Trasferimenti che avevano già segnato la fase culminante
di quella che abbiamo definito “globalizzazione”, poi arretrata a partire dalla
crisi del 2008. Così sarà necessario
riflettere su tre punti (definito però preventivamente il campo della
dimensione sovranazionale):
1) Il mutato rapporto tra autonomia della scienza e della tecnica
e i diversi livelli di decisionalità politica.
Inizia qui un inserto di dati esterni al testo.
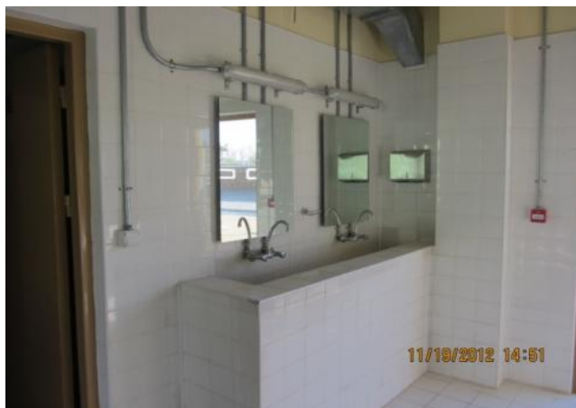
Figure 5 - Sinks in the Combination Latrine, Shower, Ablution, and Laundry Building
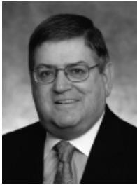
Kenneth M. Duberstein, 60, Director since August 2002

Il contenimento dell’egemonia
della scienza e della tecnica appare fattore determinante nel definire gli
equilibri a livello geopolitico (in questo echeggiano richiami che tornano
d’assoluta attualità come quello riguardante come possa essere possibile
intrecciare l’autonomia della scienza, la finalità del produrre e la
decisionalità politica); 2) L’intreccio tra politica e vita biologica, come stiamo
osservando nell’attualità, favorisce il provocare uno spostamento delle
procedure democratiche ordinarie verso disposizioni di carattere emergenziale
che, dopo la questione sanitaria, adesso si trova di fronte il tema della
guerra. Ciò avviene in una fase di forte crisi della democrazia liberale tra
l’altro dovuta al processo di cessione di sovranità da parte dello “Stato-Nazione”; 3) Emerge il tema della capacità cognitiva in termini globali di
formazione, informazione, capacità di trasmissione di notizie e cultura e
quindi di educazione globale. Non possiamo stare fermi a contemplare ciò che accade senza
disporre di idee e di organizzazione per poter attaccare, come sarebbe
necessario, il muro della separatezza tra i popoli e tra i ceti sociali. Dal dibattito in corso sono fin qui risultati assenti due punti
fondamentali: 1) quello della indispensabile dimensione sovranazionale della
capacità di programmazione dell’economia almeno a livello di spazio politico
europeo ponendo subito il tema del processo istituzionale a quel livello; 2) L’idea di un ritorno all’indietro sul piano della cessione di
sovranità dello “Stato-Nazione” con il ritorno di spirali nazionalistiche. Il tema della guerra è rimasto all’ordine del giorno dell’agenda
internazionale nel corso di questi anni e adesso si presente come punto
dirimente di una situazione quanto mai delicata a livello planetario.
Infine
qualche annotazione statistica: nel 2022 la
crescita della spesa per armamenti a livello mondiale è cresciuta del 4%. In
termini reali di più di 2 miliardi di dollari. Il numero di paesi NATO che
hanno già raggiunto l’obiettivo del 2% di spesa militare sul PIL e passato da 3
nel 2014 a 7 nel 2022 e ormai si può considerare questo obiettivo un “a floor,not a celling”: un punto di partenza e non di
arrivo. La Polonia punta a raggiungere il 4% e a raddoppiare le dimensioni del
suo esercito. La Francia aumenta gli investimenti nei sistemi di difesa
cibernetici, spaziali e sottomarini mentre Macron parla di “economia di guerra”. La Germania punta a superare il tetto del 2%. Il
Giappone prevede di aumentare a 51,4 miliardi di dollari le spese militari
facendo registrare una crescita del 26,3%. Nel frattempo le spese militari dell’India
sono cresciute del 50%: eguale percentuale per l'eterno nemico indiano, il
Pakistan (che dispone dell'armamento atomico). Il budget della difesa cinese è
aumentato del 75% nell'ultimo decennio. L’Algeria fin dal 2022 aveva siglato un
accordo con la Russia per una fornitura di armi per 12 miliardi di dollari,
aumentando le spese del 130 per cento. Si rileva infine smentendo i luoghi
comuni e come spiega “The job opportunity
Cost War di Heidi Garret Peltier” un
milione di dollari di spesa militare crea meno posti di lavoro rispetto alla
stessa spesa in altri nove settori. In compenso la spesa militare è
quella che crea maggiori profitti per alcuni settori industriali e
relativi “pezzi” di politica che li sostengono.